#### [EXERCISE BRIEF]
Where an image appears, leave it out; otherwise repeat the data exactly.

#### [DATASET EXTRACT]

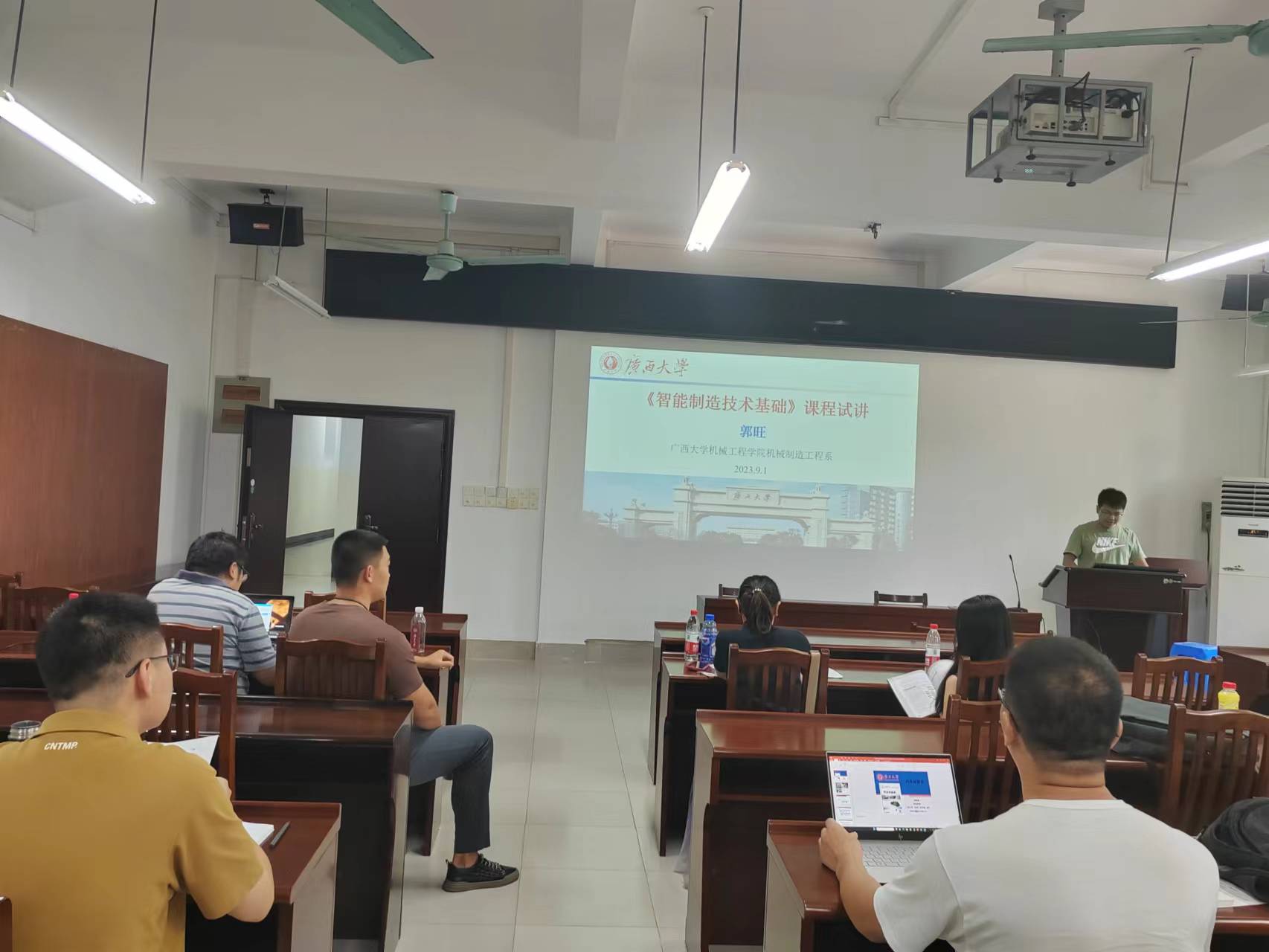 刘黎明、郭旺、徐敏敏、付洋、李宏伟、唐伟力、董天云、万振华、李嘉宝和官维等10位青年教师分成3个小组,通过多媒体方式,分别试讲了《智能制造技术基础》、《汽车试验学》、《工程制图(近机类)》、《微机原理与接口技术》、《控制工程》、《可再生能源及其利用技术》、《内燃机设计》和《传热学与流体力学》等多门课程。
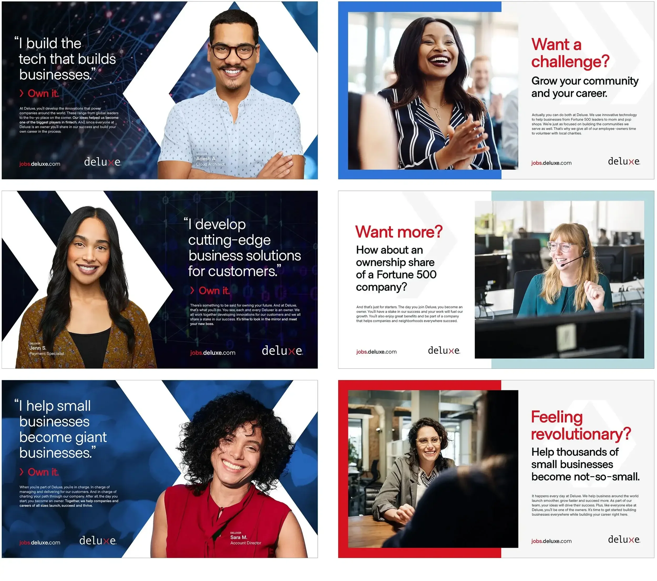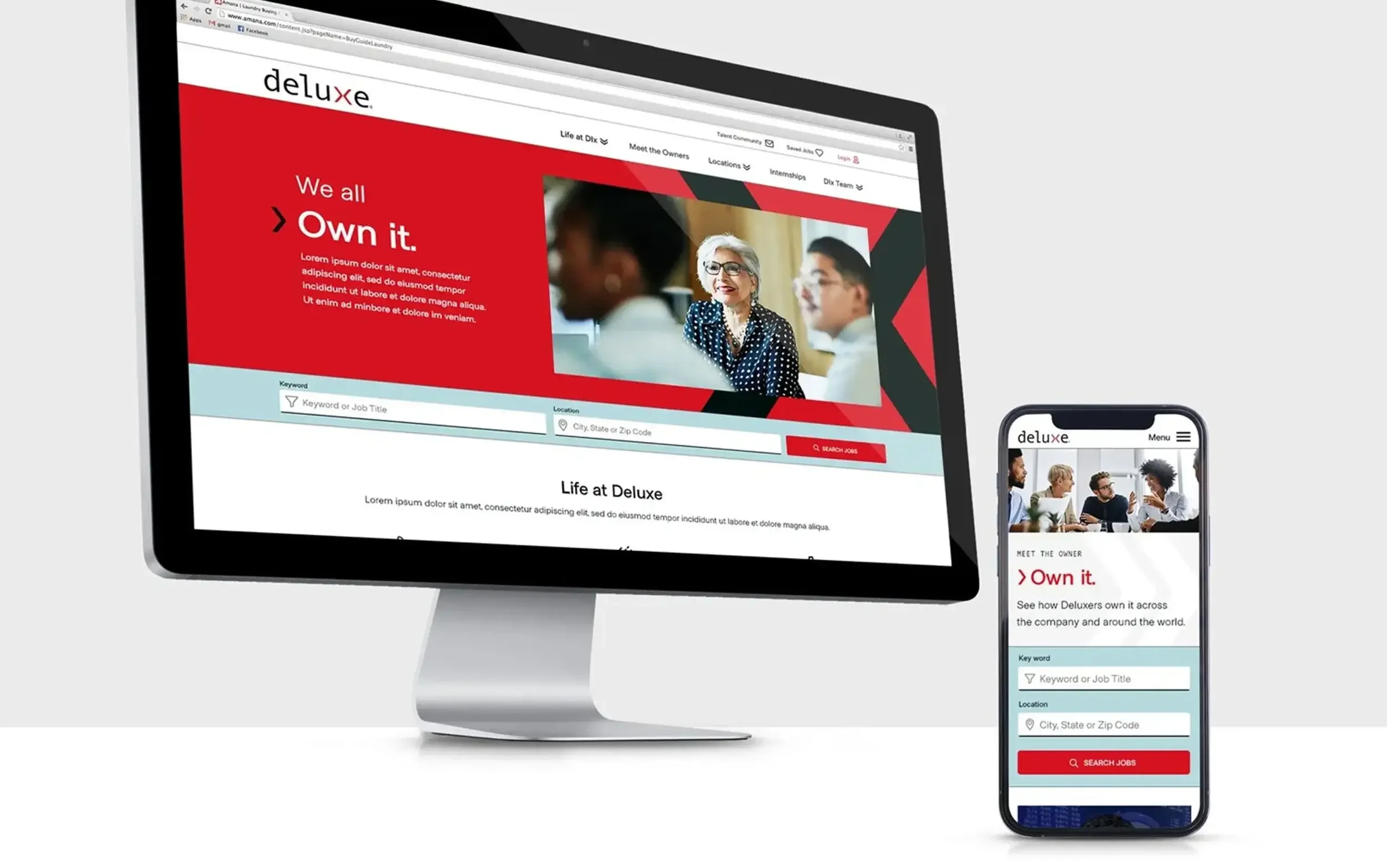 Deluxe needed an employer brand platform and career site experience that could support brand awareness and attract the right candidates. The existing employer story lacked clarity and a big idea that connected all their recruitment materials together.
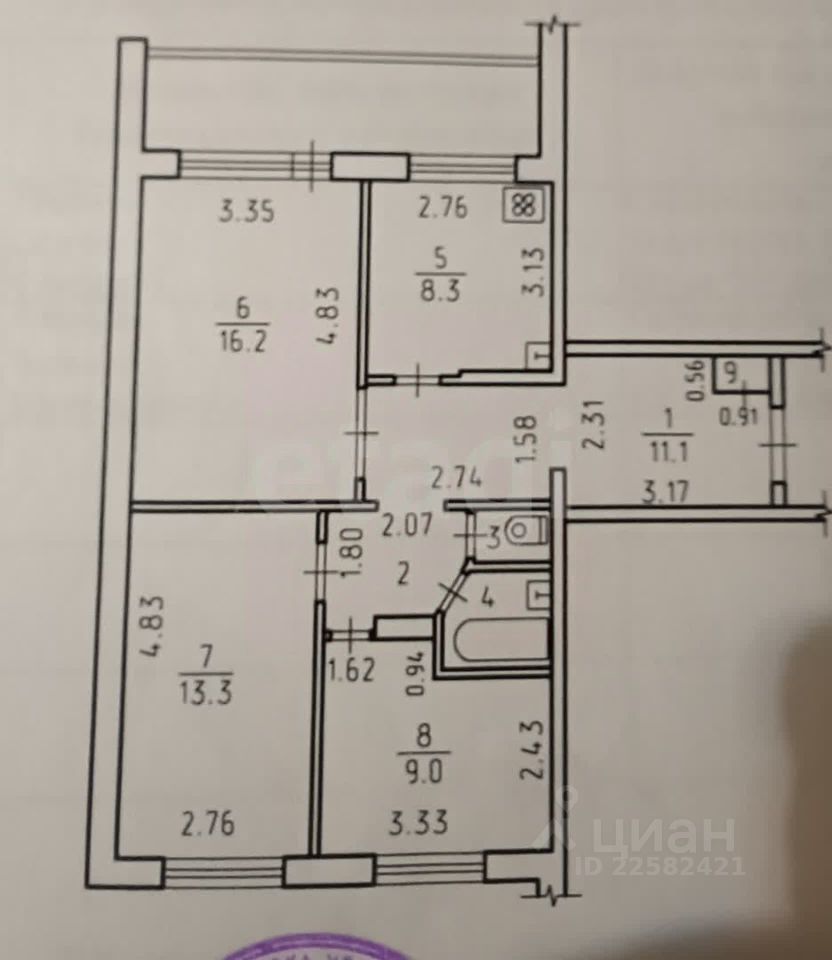 В продаже просторная квартира на восьмом этаже панельного дома улучшенной планировки в центре Первомайского района.

#### [RESPONSE TO THIS TASK]
 刘黎明、郭旺、徐敏敏、付洋、李宏伟、唐伟力、董天云、万振华、李嘉宝和官维等10位青年教师分成3个小组,通过多媒体方式,分别试讲了《智能制造技术基础》、《汽车试验学》、《工程制图(近机类)》、《微机原理与接口技术》、《控制工程》、《可再生能源及其利用技术》、《内燃机设计》和《传热学与流体力学》等多门课程。
 Deluxe needed an employer brand platform and career site experience that could support brand awareness and attract the right candidates. The existing employer story lacked clarity and a big idea that connected all their recruitment materials together.
 В продаже просторная квартира на восьмом этаже панельного дома улучшенной планировки в центре Первомайского района.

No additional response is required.